Marvel and DC, they have 12 billion factors that they have to consider beyond whatever it is I might be doing. And I personally, as this makes me, I think the era of the run is kind of over, at least for the time being. So that stuff is all fun and it's great to go and play with other people's toys. I'm always happy. I have my personal bucket list.

I have a list of pitches I would like to make someday but at the end of the day, you know stuff like can't do is definitely where I'm more comfortable and where my focus is.

Well, and you know, Aaron was sort of poking fun a little bit with the fanfare and such for you David, but you know, seriously from both Aaron I congratulations on you know, not only your Eisner noms for Killer Queens and rain but also your glad nomination for Killer Queens to which has a trade coming out here in the next month on the 19th. Same day as Canto. that's right. Yeah, that's right.

And so you kind of touched on this a little bit just a moment ago, but I kind of want to dive in just a little bit deeper.
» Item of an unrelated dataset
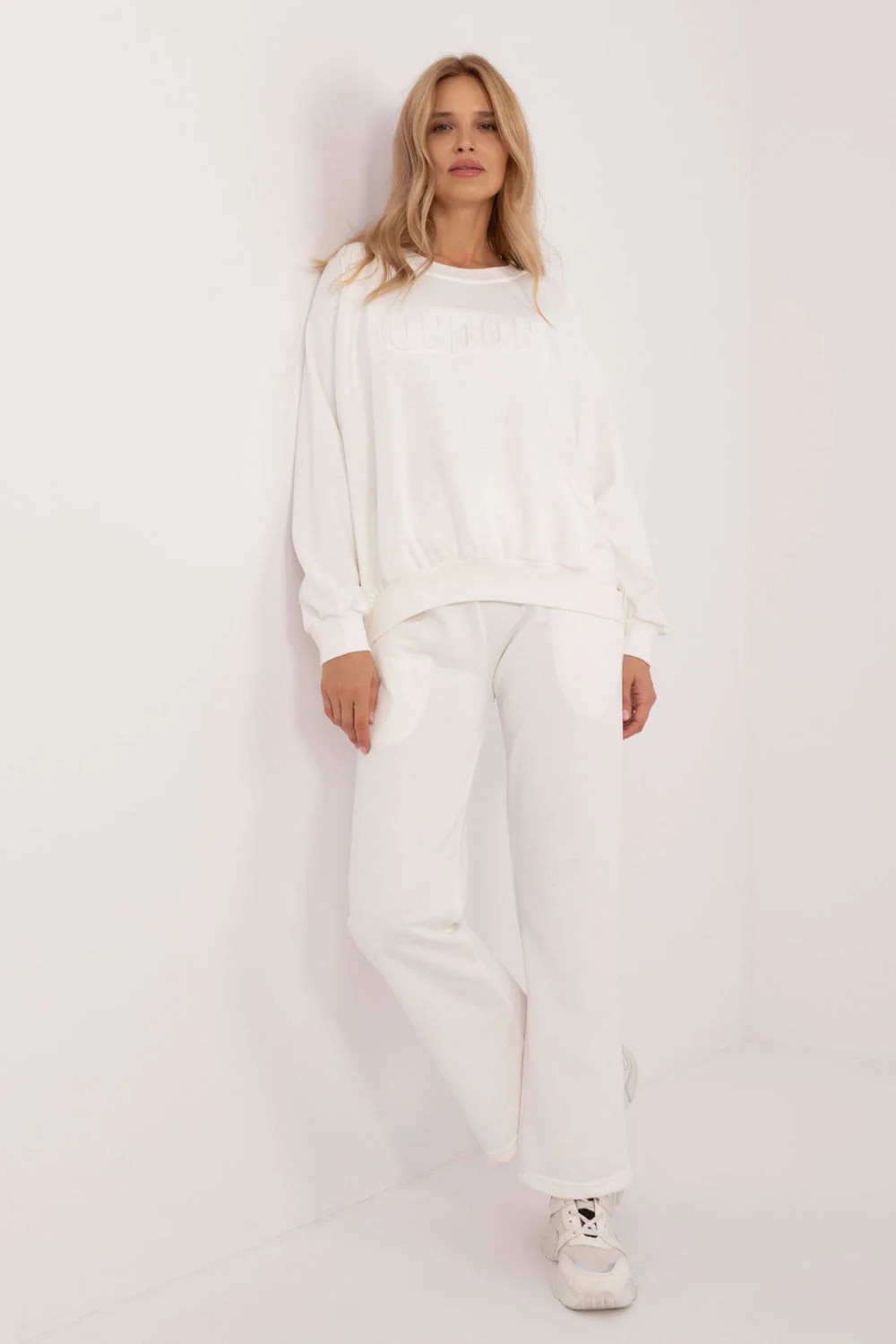 Dámská ležérní mikinová souprava, ideální pro každodenní vycházky, se skládá z mikiny a kalhot. Souprava je vyrobena z vysoce kvalitní směsi bavlny a polyesteru a poskytuje pohodlí a odolnost, zatímco jednobarevný vzor jí dodává univerzálnost. Mikina má dlouhé rukávy, kulatý výstřih a praktické kapsy s nášivkami na přední straně pro sportovní styl. Na přední straně je módní nápis, který upoutá pozornost a dodá celkovému vzhledu originalitu. Dlouhá délka mikiny z ní dělá pohodlný kousek šatníku, ideální pro kombinování s různými spodními díly. Kalhoty mají rovný střih nohavic a vysoký náplet, který zvýrazňuje siluetu a poskytuje pohodlí. V pase je vázačka pro individuální přizpůsobení a praktickým prvkem jsou postranní kapsy, ideální pro uložení drobností. Tento komplet je dokonalou kombinací stylu a pohodlí, skvělou volbou pro každodenní nošení.
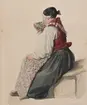 "Kvinna i kyrkodrägt, Ljusdahl 1840". Akvarell av J.W Wallander. Kvinna i helfigur,från sidan, sittande på en bänk.

In terms of when you get that sort of recognition and acclaim for your work, how does a comic creator's career change, if at all? You know, it's a great question. And I think about it, but not quite in those terms. On the surface level, I think a lot of folks think that it doesn't change.

Like when... I went to the Eisner's last year and the thing that everybody still talks about is I wore a pink velour tux jacket. It was a great jacket. Absolutely fantastic. It was fantastic. It was fantastic. I mean, nobody cares. Nobody is talking about the nominations, blah, blah. They're like the jacket, the jacket. So that sort of encapsulates. It's not like anything changed, but what has changed since then? Having Cantor be successful, getting the Eisner and GLAAD nominations.

It has given me the freedom to not worry about stuff. Somebody gave me great advice and this is probably not something I should share publicly, but I'm going to anyway. You know, sometimes I worry about chasing licenses and chasing different books and like, should I take this work? Do I regret passing on this work? Whatever. My friend told me, said five years from now, nobody's going to remember X thing. But you did. But everybody's going to remember Canto.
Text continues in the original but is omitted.